Records for processing:
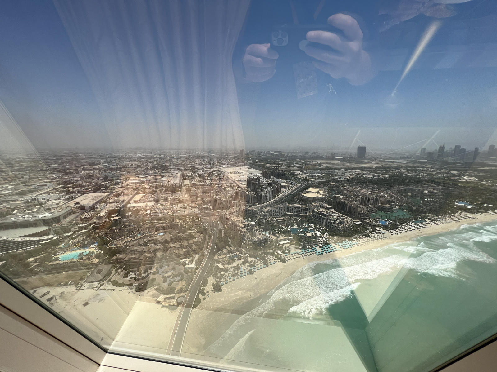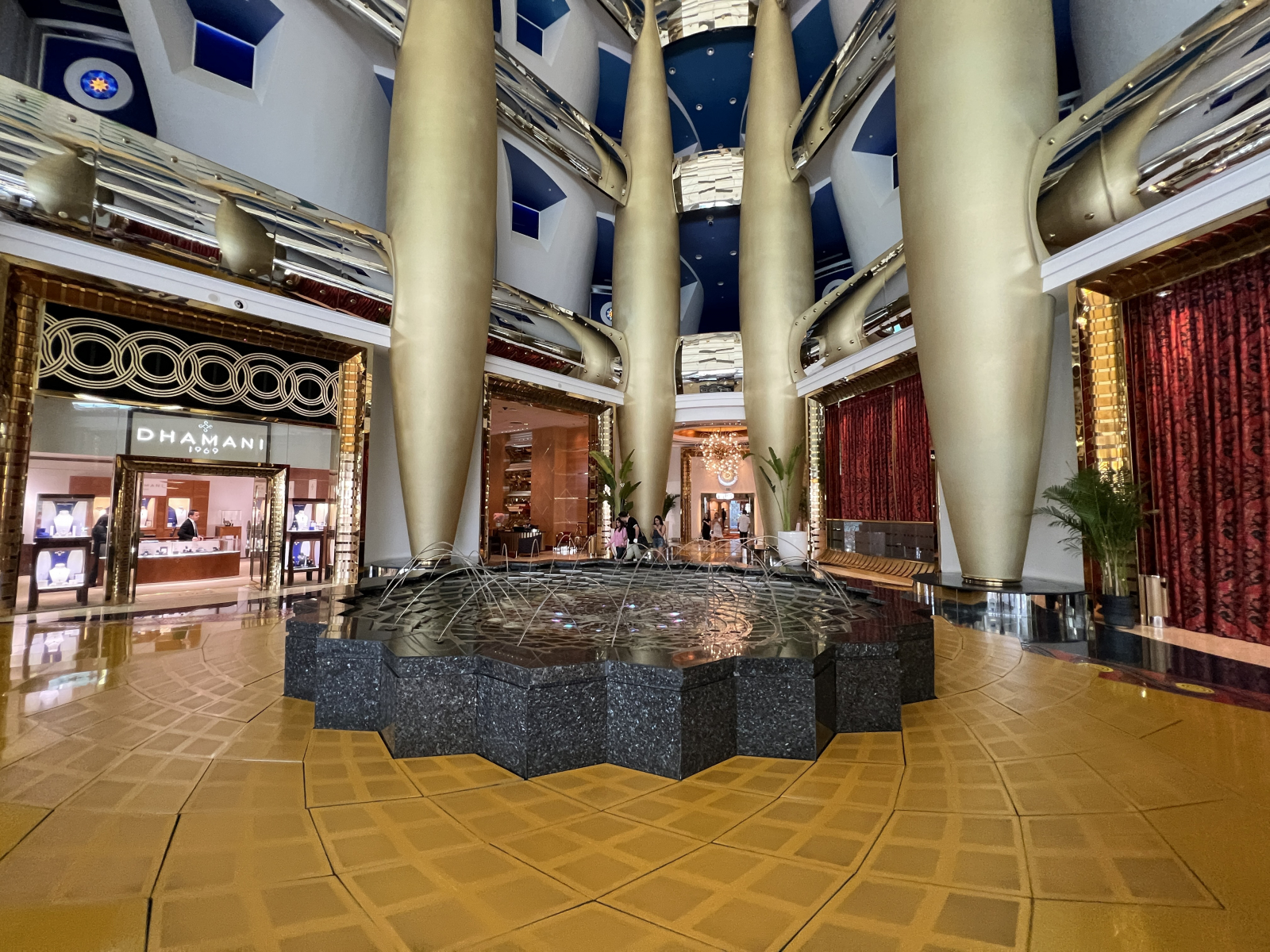 Nous sommes accueillis par le personnel de l’hôtel. Un petit rafraichissement nous est servi et nous voilà à bord d’une petite navette qui nous apporte à l’hôtel. Dansle haut de l’hôtel vous pouvez apercevoir une coupole ronde. Il s’agit de la piste d’atterissage pour les distingués invités. Plusieurs événements marquants ont eu lieu sur l’hélipad dans le ciel. Agassi et Federer y ont joués au tennis, Davis Coulthard y a fait des donuts avec une voiture de formule 1 qui avait été transporté là par hélicoptère. Le DJ David Guetta y a fait un spectacle en livestream. C’est complètement fou.
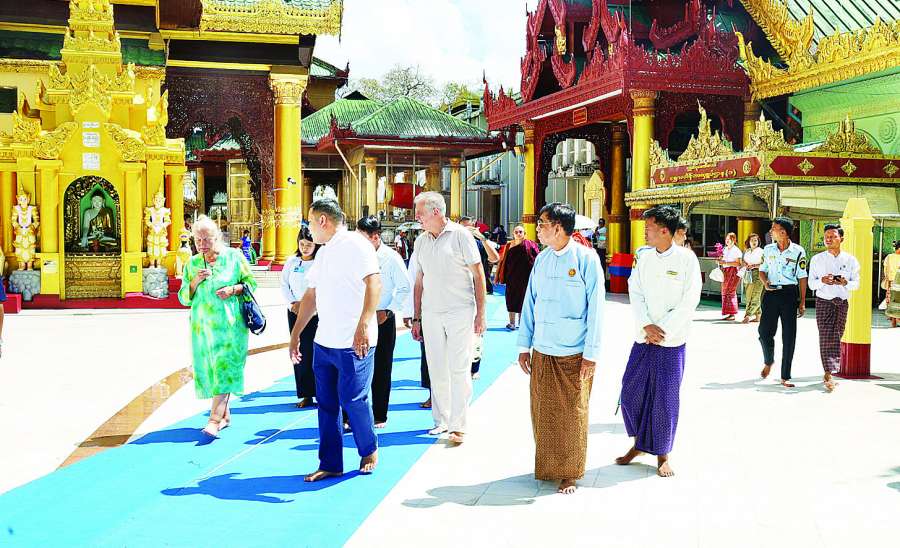 ရုရှားဖက်ဒရေးရှင်းနိုင်ငံ စိန့်ပီတာစဘတ်မြို့အစိုးရအဖွဲ့ဝင် ပြည်ပဆက်ဆံရေးကော်မတီဥက္ကဋ္ဌ Mr.Evgeny Grigoryev နှင့်ဇနီးတို့သည် ယနေ့နံနက်ပိုင်းတွင် ရွှေတိဂုံစေတီတော်မြတ်ကြီးအား သွားရောက်ကြည်ညိုလေ့လာကြသည်။
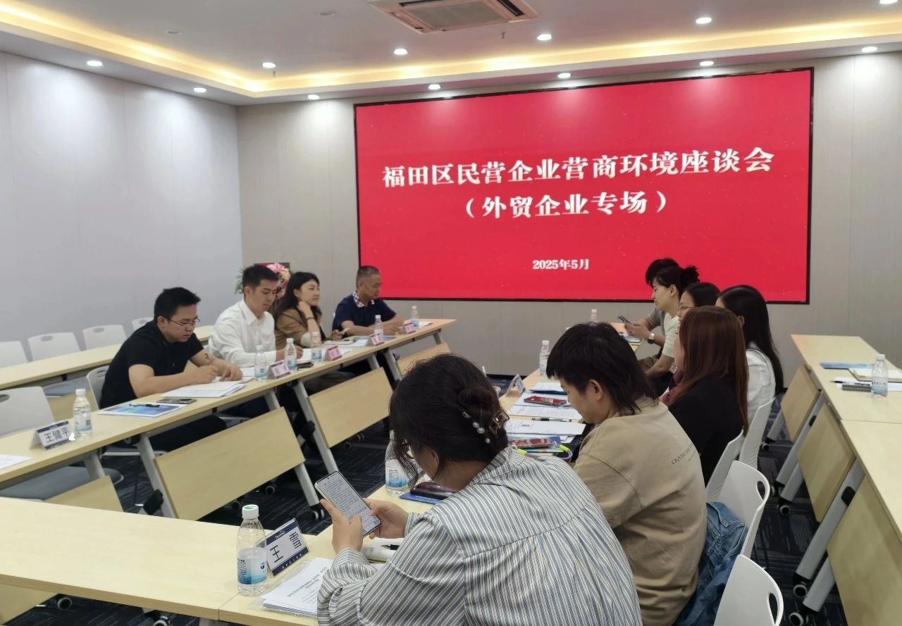 5月15日下午,福田区民营企业营商环境座谈会(外贸企业专场)在海域科技集团组织召开。福田区经济发展促进会、深圳市进出口商会相关负责人与海域科技集团高层领导,以及来自十余家外贸企业的代表共同出席了本次座谈会。
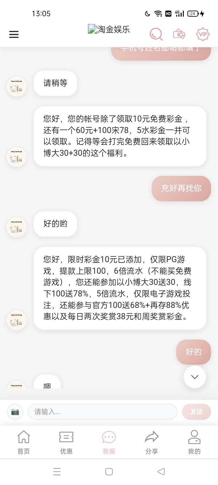 淘金娱乐限时彩金10快冲。先注册账号个人资料绑定手机号,邮箱号,还有姓名就行了然后直接去客服申请
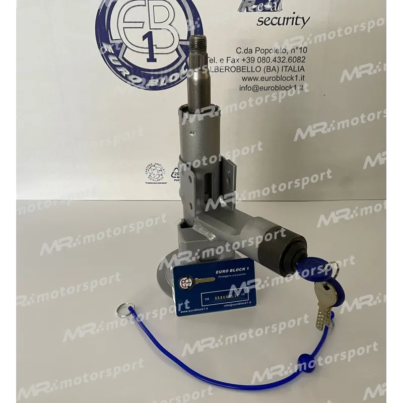 Euro Block 1 è l'antifurto meccanico per ogni tipo di auto. L'utilizzo di pistoni sagomati, prodotti in acciaio temperato e nichelati con soluzioni chimiche, permette al nostro bloccasterzo una maggiore resistenza. L'antifurto, brevettato e garantito, consente inoltre un rapido inserimento e disinserimento grazie a particolari ricerche sviluppate sul prodotto.

Task: Please transcribe the material above exactly as written. Leave the pictures out.

Exercise solution:
 Nous sommes accueillis par le personnel de l’hôtel. Un petit rafraichissement nous est servi et nous voilà à bord d’une petite navette qui nous apporte à l’hôtel. Dansle haut de l’hôtel vous pouvez apercevoir une coupole ronde. Il s’agit de la piste d’atterissage pour les distingués invités. Plusieurs événements marquants ont eu lieu sur l’hélipad dans le ciel. Agassi et Federer y ont joués au tennis, Davis Coulthard y a fait des donuts avec une voiture de formule 1 qui avait été transporté là par hélicoptère. Le DJ David Guetta y a fait un spectacle en livestream. C’est complètement fou.
 ရုရှားဖက်ဒရေးရှင်းနိုင်ငံ စိန့်ပီတာစဘတ်မြို့အစိုးရအဖွဲ့ဝင် ပြည်ပဆက်ဆံရေးကော်မတီဥက္ကဋ္ဌ Mr.Evgeny Grigoryev နှင့်ဇနီးတို့သည် ယနေ့နံနက်ပိုင်းတွင် ရွှေတိဂုံစေတီတော်မြတ်ကြီးအား သွားရောက်ကြည်ညိုလေ့လာကြသည်။
 5月15日下午,福田区民营企业营商环境座谈会(外贸企业专场)在海域科技集团组织召开。福田区经济发展促进会、深圳市进出口商会相关负责人与海域科技集团高层领导,以及来自十余家外贸企业的代表共同出席了本次座谈会。
 淘金娱乐限时彩金10快冲。先注册账号个人资料绑定手机号,邮箱号,还有姓名就行了然后直接去客服申请
 Euro Block 1 è l'antifurto meccanico per ogni tipo di auto. L'utilizzo di pistoni sagomati, prodotti in acciaio temperato e nichelati con soluzioni chimiche, permette al nostro bloccasterzo una maggiore resistenza. L'antifurto, brevettato e garantito, consente inoltre un rapido inserimento e disinserimento grazie a particolari ricerche sviluppate sul prodotto.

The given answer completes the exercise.